Madame Gu était entourée de servantes chaque fois qu'elle sortait et restait généralement à l'écart. Elle n'aurait certainement rien à dire à des gens comme eux, alors tant mieux si elle ne se montrait pas. Sinon, ils se seraient sentis encore plus mal à l'aise.
Ils servirent des pâtisseries et du thé aux visiteurs avant de les raccompagner.
Ils pensèrent que les choses se calmeraient après cela, mais les gens continuaient d'arriver pour rendre visite.
Les villageois suivaient l'exemple du chef de village. Puisque le chef lui-même était venu tisser des liens, ils ne pouvaient pas rester en arrière.
Parmi les exilés, seule la famille de Gu Kaiyuan possédait des biens familiaux substantiels. Ils pourraient devoir compter sur eux à l'avenir, alors aucun villageois ne pouvait manquer une si rare occasion de se rapprocher.
Vague après vague, les visiteurs affluaient, faisant rire Nanny Pang. Son poste de nourrice de la maison avait enfin l'occasion d'être utile.
À l'heure du déjeuner, les visites cessèrent. Alors qu'ils s'apprêtaient à manger, Chen Dafu arriva.
Gu Kaiyuan parut perplexe, mais il afficha tout de même un sourire. « Seigneur Chen, bonne année ! »
« Bonne année ! » répondit Chen Dafu. « Je suis venu aujourd'hui pour une visite d'adieu. »
Gu Kaiyuan fut encore plus perplexe. Strictement parlant, ils n'avaient aucune vraie amitié ; ils ne s'adressaient la parole que de temps à autre.
« Tu trouves ça étrange ? »
Gu Kaiyuan hocha la tête franchement. « Seigneur Chen, vous retournez à la Capitale ? Avez-vous accompli votre mission ? »

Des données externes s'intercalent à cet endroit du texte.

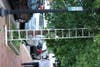 I took a 5-gallon Home Depot barrel and duct-taped it to the end of a rake (duct tape rocks). That gave me the reach I needed to take a 12-foot ladder and my modest frame to get to the bees. A good knock on the tree branch and we had about 5 lbs of bees.
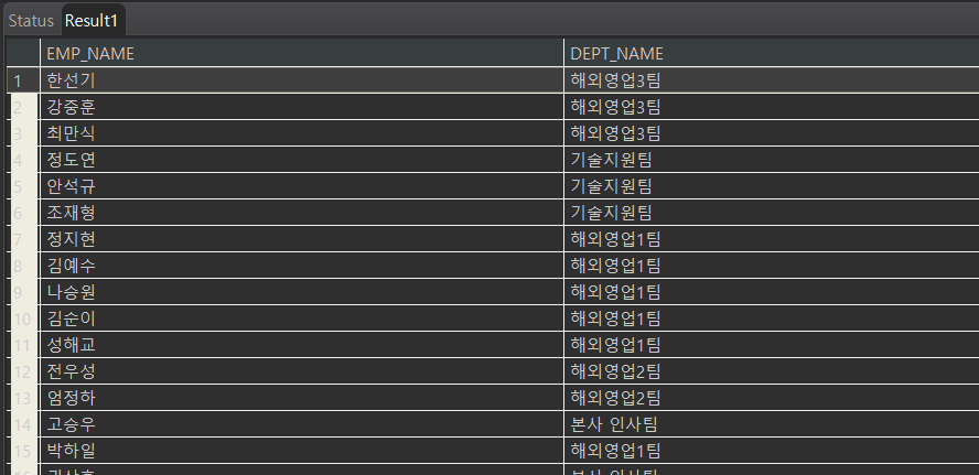 - NATURAL JOIN: 부모의 기본키와 자식의 외래키가 같은 경우(칼럼이 이름이 같은 경우), 알아서 JOIN해준다.
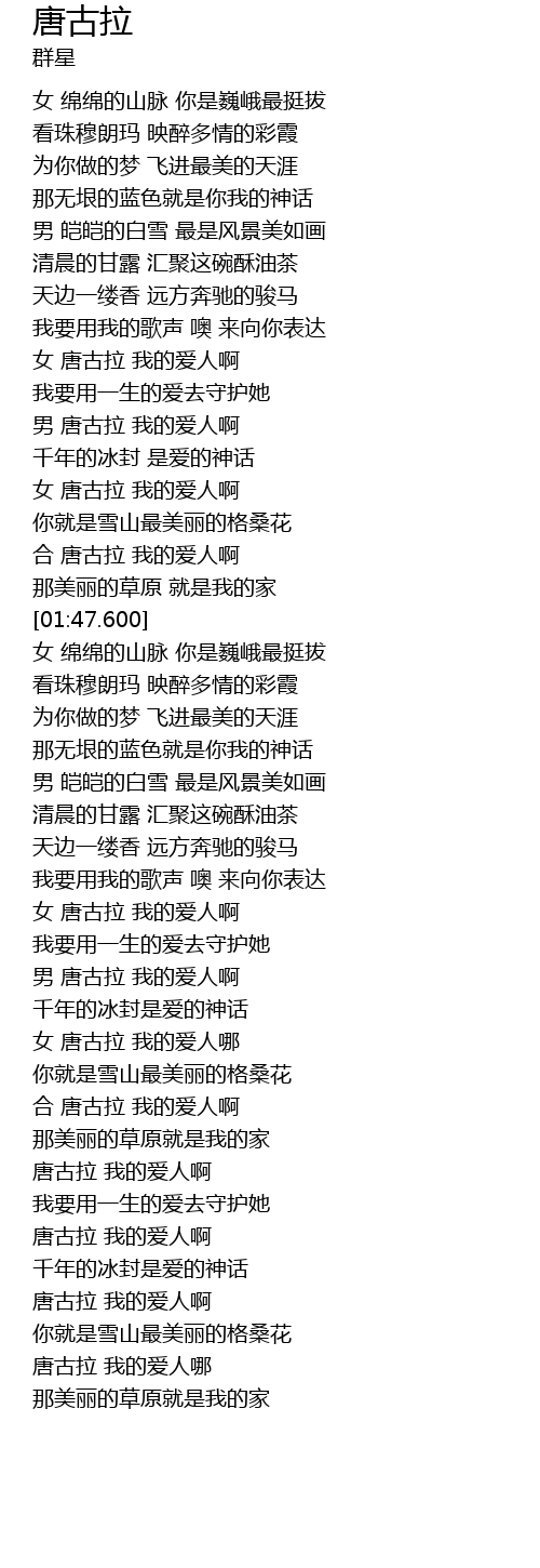 | [01:37.800] | 合 唐古拉 我的爱人啊 |

« Comme prévu, tu es le plus malin, gamin. » Chen Dafu ne fut pas surpris. « La mission est accomplie, je partirai sous peu. Après réflexion, j'ai décidé de venir te le dire.
« Tu penses que puisqu'on n'a pas d'amitié, ce n'est pas la peine ? »

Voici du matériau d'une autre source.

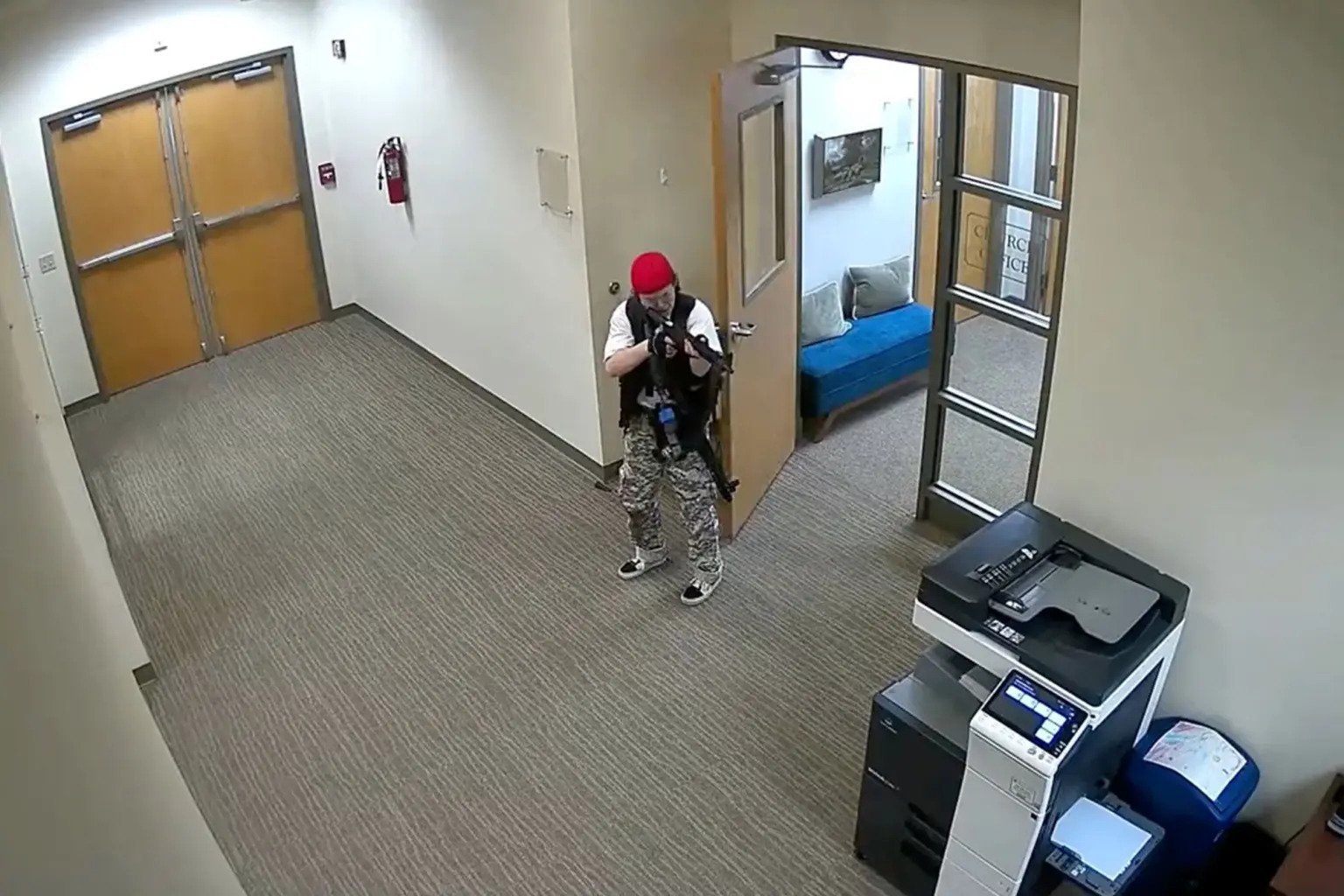 Në vendngjarje, policia dëgjoi të shtëna armësh në katin e dytë dhe nxitoi në hollin e shkollës ku hasi 28-vjeçaren, e cila ishte e armatosur me dy automatikë e një pistoletë.
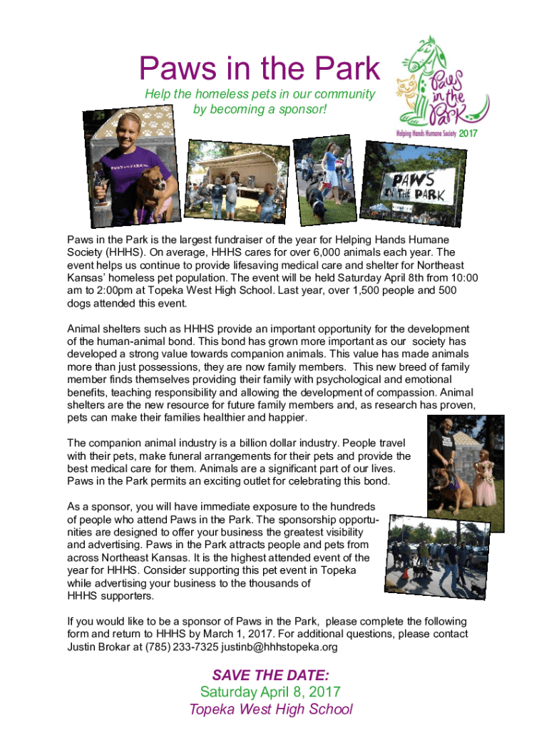 2017Paws in the Park is the largest fundraiser of the year for Helping Hands Humane

Gu Kaiyuan : « … » Vous avez déjà tout dit. Que puis-je répondre d'autre ?
Chen Dafu continua : « Bien que nous n'ayons pas eu beaucoup de contacts en route, j'approuve tout de même la personne que tu es.

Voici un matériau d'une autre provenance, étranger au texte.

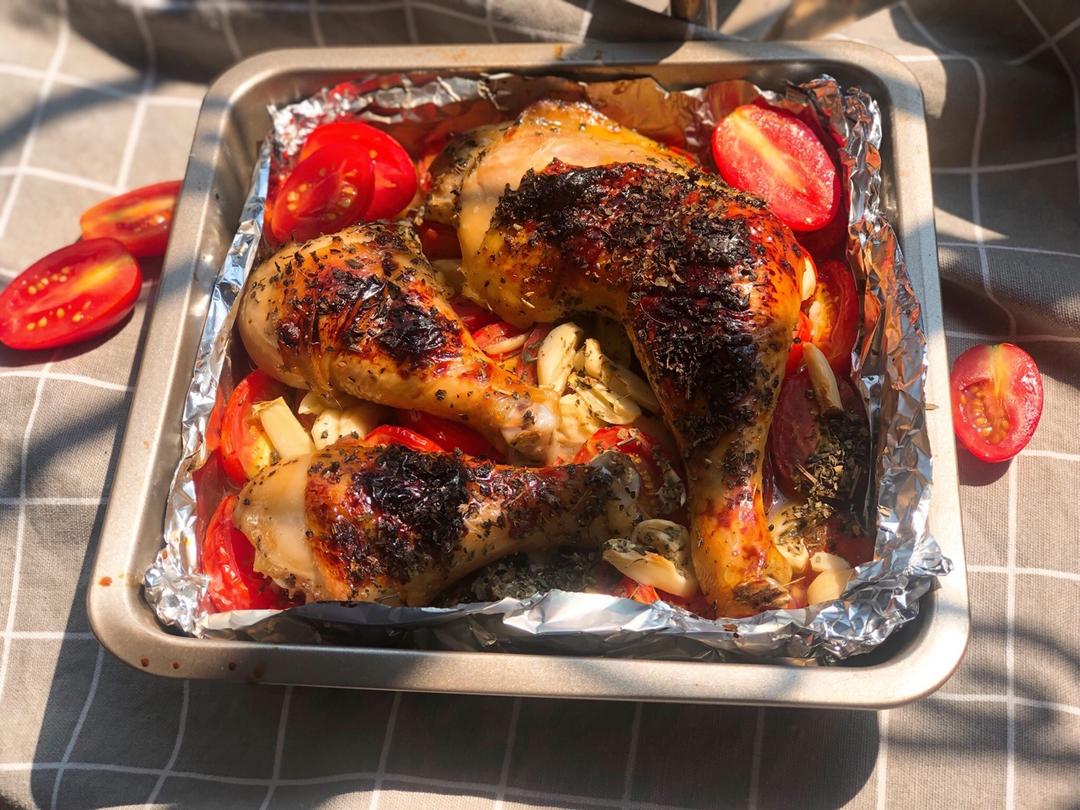 #香蒜罗勒番茄烤鸡腿#

« Tu es différent de Gu Baijiang. Tu ne ressembles en rien à un membre de la famille Gu.
« Bien que certains de tes actes soient inappropriés, j'aime ton petit caractère. »
« Si tu reviens un jour à la Capitale, n'oublie pas de rendre visite chez moi, pour que je n'aie plus à m'inquiéter pour toi. »
Gu Kaiyuan ricana. « Seigneur Chen, arrêtez de me tracer un labyrinthe. Si vous avez quelque chose à dire, dites-le directement. »
« Tu es vraiment un gamin antipathique, tu te moques des bonnes intentions de ce vieil homme.
« Je suis venu te donner un avertissement. Si tu veux la paix et la stabilité, tu ferais mieux de t'éloigner davantage de la vieille famille Gu. »
Gu Kaiyuan dit : « Seigneur Chen, vous n'avez donc rien à faire ? Vous devez même vous mêler de mes affaires de famille ?
« Serait-ce que, de retour à la Capitale, Seigneur Chen compte prendre la tête de la Censure ? »
Chen Dafu cracha. « Arrête de me maudire. Je ne suis pas de ces gens qui ne jouent qu'avec les mots pour se donner de l'importance.
« Et ne crois pas que je me mêle de ce qui ne me regarde pas. Pour la sécurité de chaque membre de ta famille, tu ferais mieux de trouver un moyen de quitter cet endroit. »
Après avoir laissé ces mots, Chen Dafu se retourna pour partir. Il fit plusieurs pas, était presque au portail, yet Gu Kaiyuan ne l'appelait toujours pas.
Il n'eut d'autre choix que de s'arrêter et de se retourner vers Gu Kaiyuan. « Tu n'es pas curieux ? Tu ne vas pas me demander pourquoi ? »
« Seigneur Chen, prenez soin de vous. »
Chen Dafu le fixa plusieurs secondes avant de pouffer deux fois. On ne savait s'il se moquait de lui-même ou de Gu Kaiyuan. Il disparut de la famille Gu.
« Maître ? » Nanny Pang s'avança à ce moment. « Devons-nous envoyer quelqu'un le surveiller ? »
Gu Kaiyuan secoua la tête. « J'ai déjà fait surveiller quelqu'un. »
Ce n'est qu'alors que Nanny Pang n'en dit pas plus. Elle fit porter les plats préparés à la résidence principale. Madame ne pouvait pas avoir faim.
Gu Kaiyuan se remit en ordre avant d'entrer dans la pièce à son tour. Il devait encore accompagner sa maîtresse pour le repas ; qui avait le temps de se soucier des machinations de ce Chen Dafu ?
« Que voulait dire Chen Dafu ? » Bai Suihe avait tout entendu de leur conversation à l'extérieur.